Only the lines in the entries below from the line with "Prachtkleid eine kräftig" to the line with "3月6日,北京冬残奥会残奥越", both included, belong in the answer, transcribed exactly and without pictures.
Start of DATA FOR THIS TASK
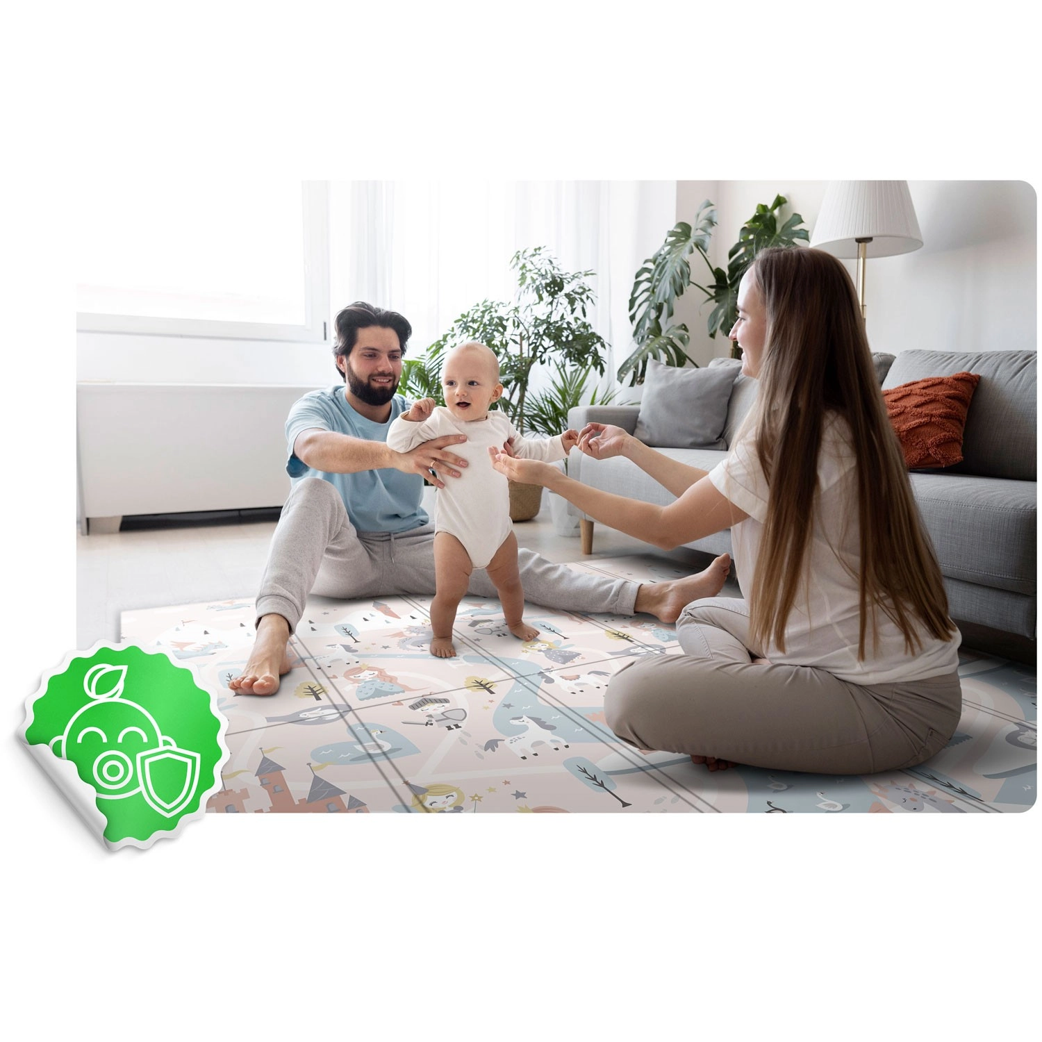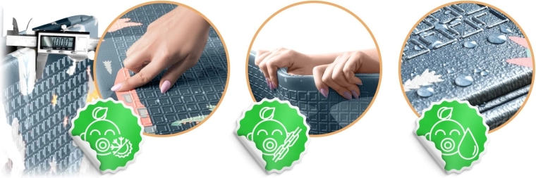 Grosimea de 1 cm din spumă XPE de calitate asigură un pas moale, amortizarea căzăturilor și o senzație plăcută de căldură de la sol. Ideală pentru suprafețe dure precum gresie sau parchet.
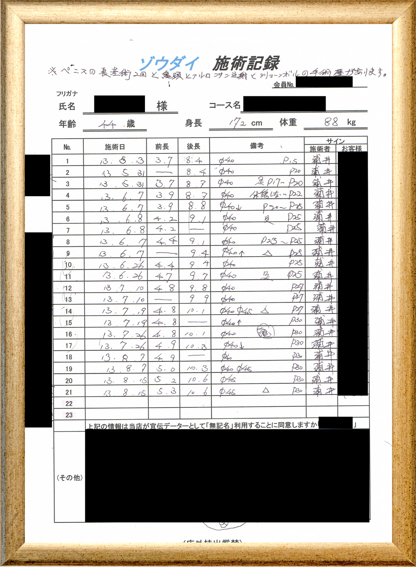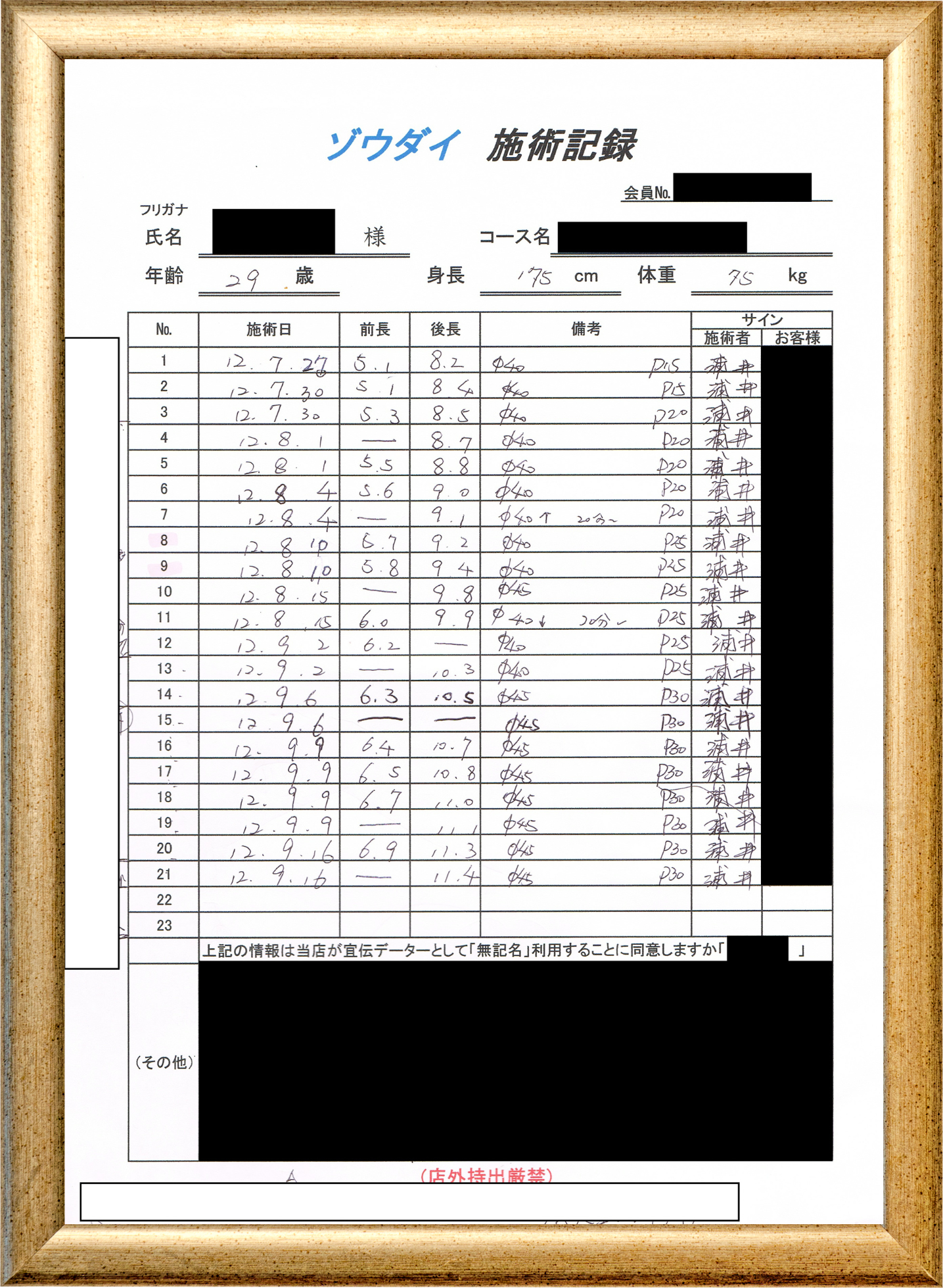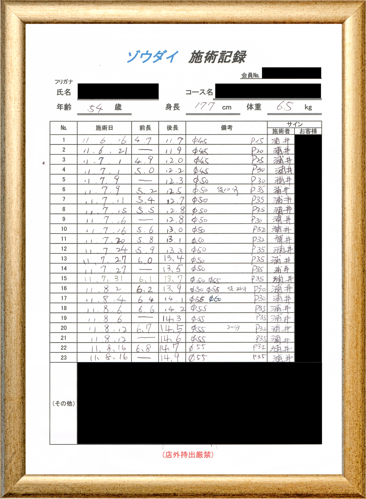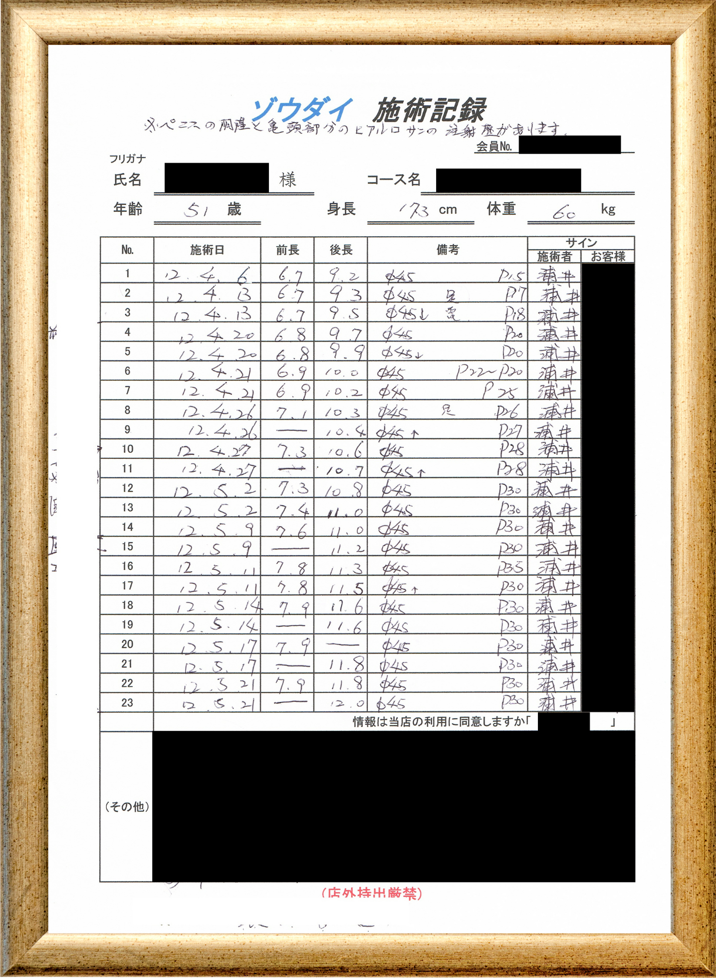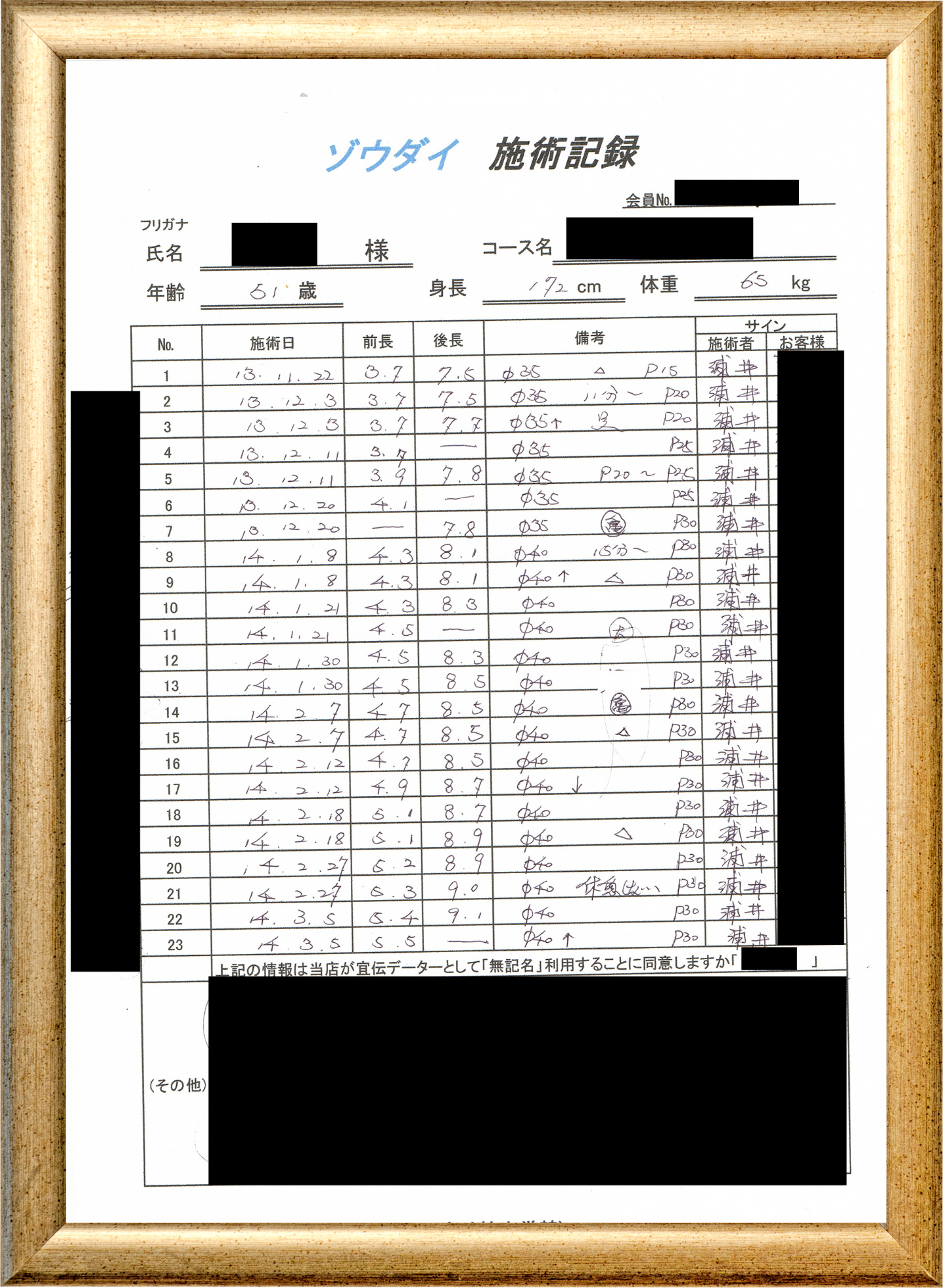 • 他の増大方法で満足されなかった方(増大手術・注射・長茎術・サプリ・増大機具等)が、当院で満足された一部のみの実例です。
End of DATA FOR THIS TASK
Start of DATA FOR THIS TASK
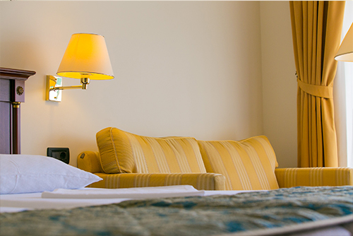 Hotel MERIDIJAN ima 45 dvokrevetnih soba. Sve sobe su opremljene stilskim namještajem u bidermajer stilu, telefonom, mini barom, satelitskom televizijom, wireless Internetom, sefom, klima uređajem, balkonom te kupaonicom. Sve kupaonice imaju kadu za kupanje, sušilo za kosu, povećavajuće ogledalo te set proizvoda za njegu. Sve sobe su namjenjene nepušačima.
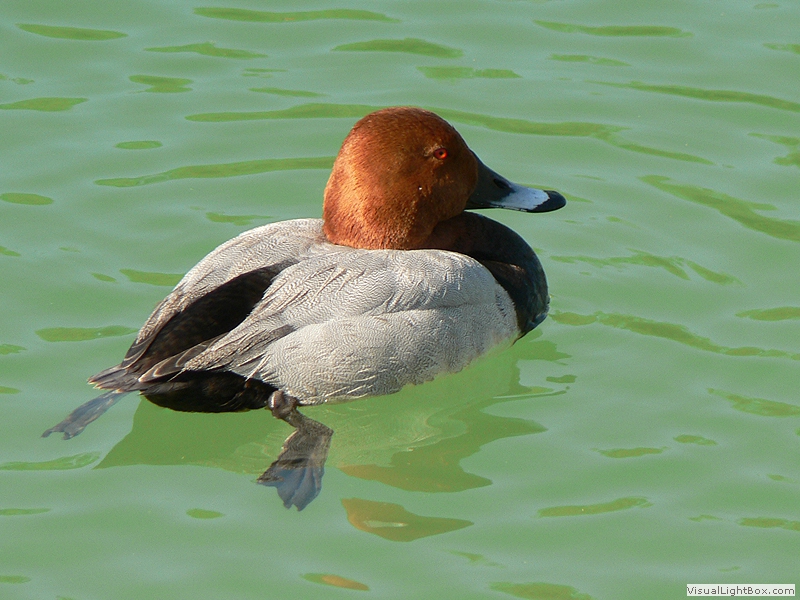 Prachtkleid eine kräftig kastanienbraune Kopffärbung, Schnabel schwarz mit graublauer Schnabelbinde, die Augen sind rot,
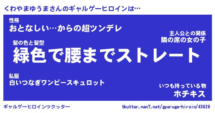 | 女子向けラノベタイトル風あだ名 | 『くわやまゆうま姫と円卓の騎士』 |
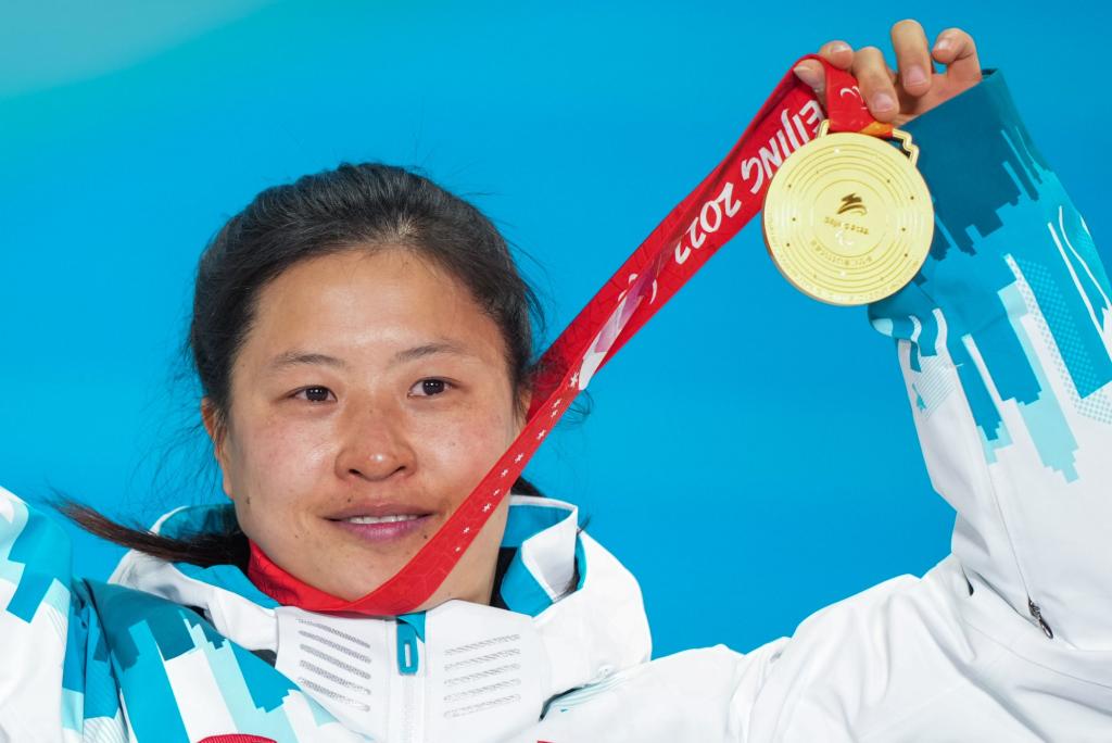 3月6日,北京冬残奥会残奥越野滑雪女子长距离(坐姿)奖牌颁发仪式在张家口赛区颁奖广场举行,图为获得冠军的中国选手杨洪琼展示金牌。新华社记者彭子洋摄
End of DATA FOR THIS TASK
Start of DATA FOR THIS TASK
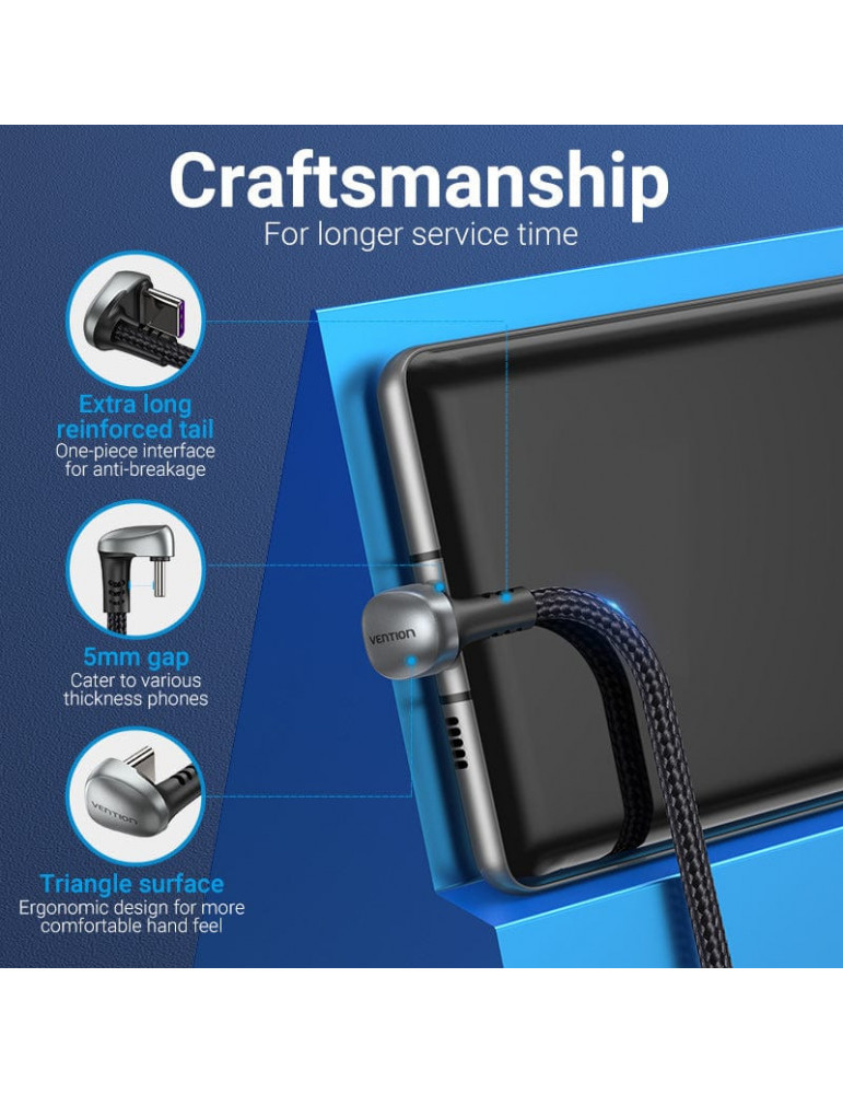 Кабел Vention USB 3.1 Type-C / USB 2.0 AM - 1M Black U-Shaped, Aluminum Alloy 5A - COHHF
End of DATA FOR THIS TASK
SOLVED EXERCISE:
 Prachtkleid eine kräftig kastanienbraune Kopffärbung, Schnabel schwarz mit graublauer Schnabelbinde, die Augen sind rot,
 | 女子向けラノベタイトル風あだ名 | 『くわやまゆうま姫と円卓の騎士』 |
 3月6日,北京冬残奥会残奥越野滑雪女子长距离(坐姿)奖牌颁发仪式在张家口赛区颁奖广场举行,图为获得冠军的中国选手杨洪琼展示金牌。新华社记者彭子洋摄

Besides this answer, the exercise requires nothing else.